Что касается частотности появления в поэтических текстах той или иной концептуальной модели счастья, то на первом месте здесь стоит концепция покоя, затем в порядке убывания идут концепции любви, молодости, свободы и контраста, наслаждения, дружбы, природы, пассионарная. Достаточно распространены нигилистские взгляды на счастье. Частотный ранг всех прочих эссенциальных моделей счастья относительно низок.
Считается, что в единицах естественного языка отражается "наивная картина" мира его носителей (Апресян 1995, т.1: 56-60), а лексическая семантика представляет "обыденное сознание" этноса, в котором закреплены память и история народа, его опыт познавательной деятельности, мировоззрение и психология (Тарланов 1993: 6). Специфические же черты этого сознания - этнический менталитет - хранятся в паремиологическом фонде языка: пословицах, поговорках, различных формах народного творчества (Общество и сознание 1984: 172: Дубинин-Гуслякова 1985: 14,73), а его фразеологический состав являет собой "зеркало, в котором лингвокультурная общность идентифицирует свое национальное самосознание" (Телия 1996: 9).
Тем не менее, как представляется, языковая ("наивная") картина мира и языковое сознание - "языковая ментальность" - лишь отчасти совпадают с представлением мира в "обыденном сознании" этноса, детерминируемом преимущественно социокультурными факторами, а образ мира, воссоздаваемый по данным одной лишь языковой семантики, скорее карикатурен и схематичен (см. с.23 работы).
Лексическая семантика единиц, образующая "языковое сознание", в силу инертности последнего в значительной мере анахронична: в ней зачастую присутствуют уже отжившие социокультурные представления и стереотипы (Урынсон 1998: 20). На более или менее полное совпадение с "обыденным сознанием" может, видимо, претендовать лишь "речевое сознание", отраженное во всей совокупности синхронных текстов какого-либо естественного языка.
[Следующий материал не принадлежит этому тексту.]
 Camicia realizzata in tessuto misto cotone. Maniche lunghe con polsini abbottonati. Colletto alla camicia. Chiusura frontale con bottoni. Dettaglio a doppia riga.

Из этого следует, очевидно, что одним из инструментов концептуального анализа и коррекции "языкового сознания", отраженного в лексическом фонде языка, может быть исследование речевых реализаций какого-либо концепта (Стернин 1999: 70) как в устных текстах (опрос информантов, интервью), так и в письменных (публицистика, художественные произведения).
Понятийная составляющая этого концепта образуется, прежде всего, дефиниционным ядром, включающим дистинктивные, родо-видовые признаки, фиксирующие границы предметной области, к которой он отправляет: счастье - это положительная аксиологическая и эмоциональная оценка собственной судьбы.
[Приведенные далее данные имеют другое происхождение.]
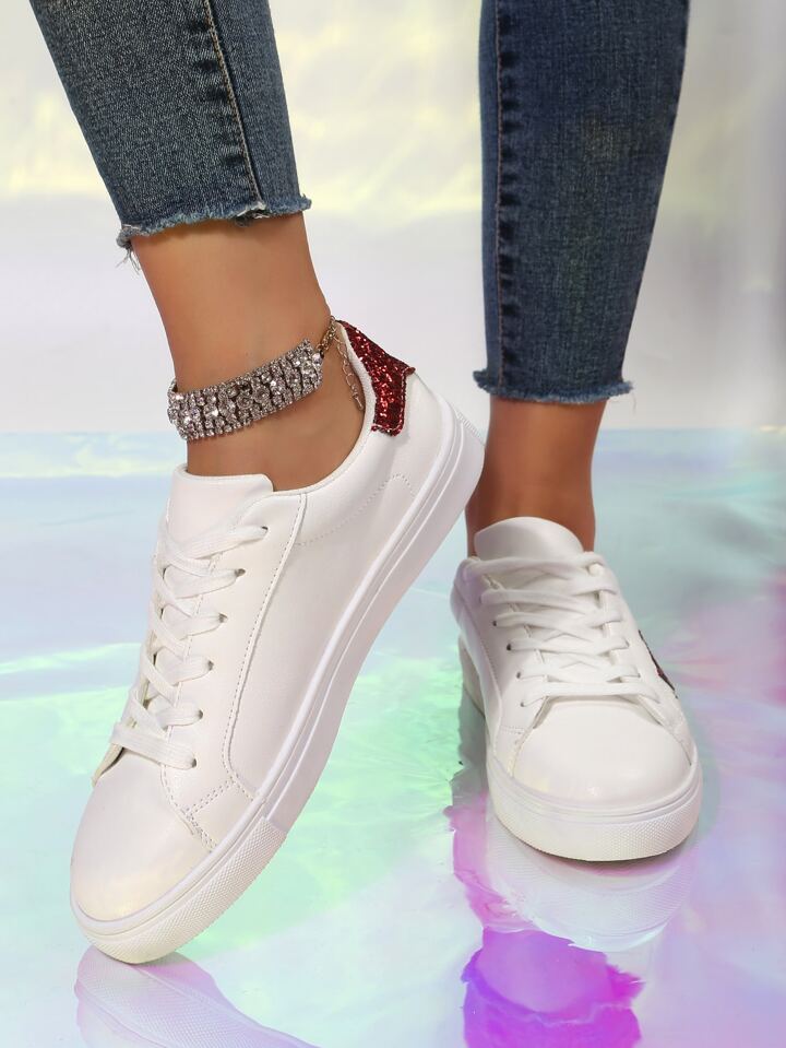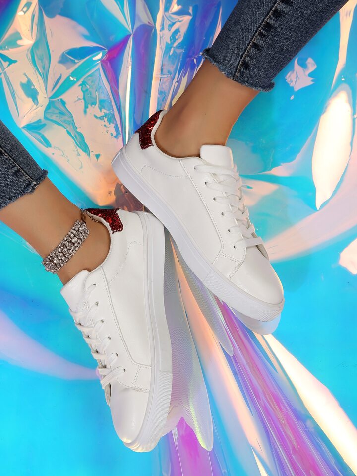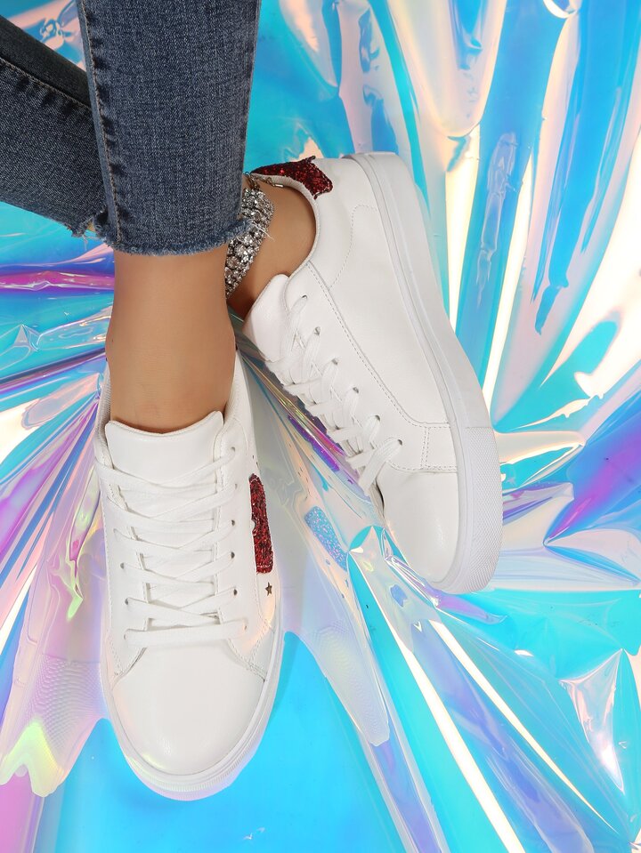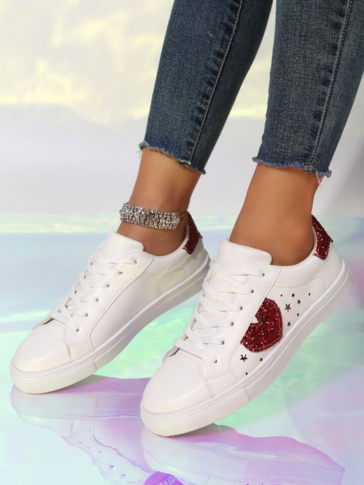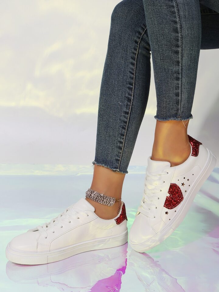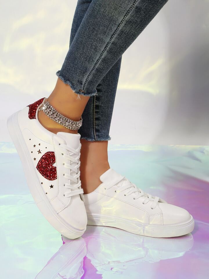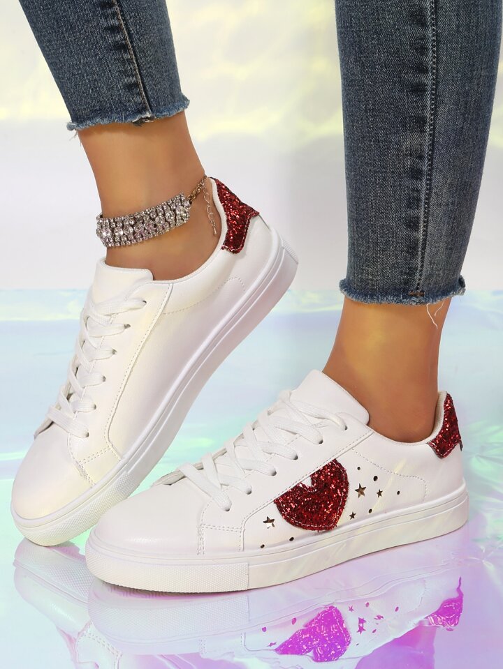 Skater Schuhe mit Glitzer, & Herz Detail, Band vorne

Другой формант понятийной составляющей концепта "счастье" представлен эссенциальной семантикой, связанной с интерпретацией понятия в рамках определенной мировоззренческой концепции. Можно предполагать, что специфика концепта как раз и определяется числом культурно значимых обыденных представлений - обиходных концепций, разделяемых членами какого-либо этноязыкового социума.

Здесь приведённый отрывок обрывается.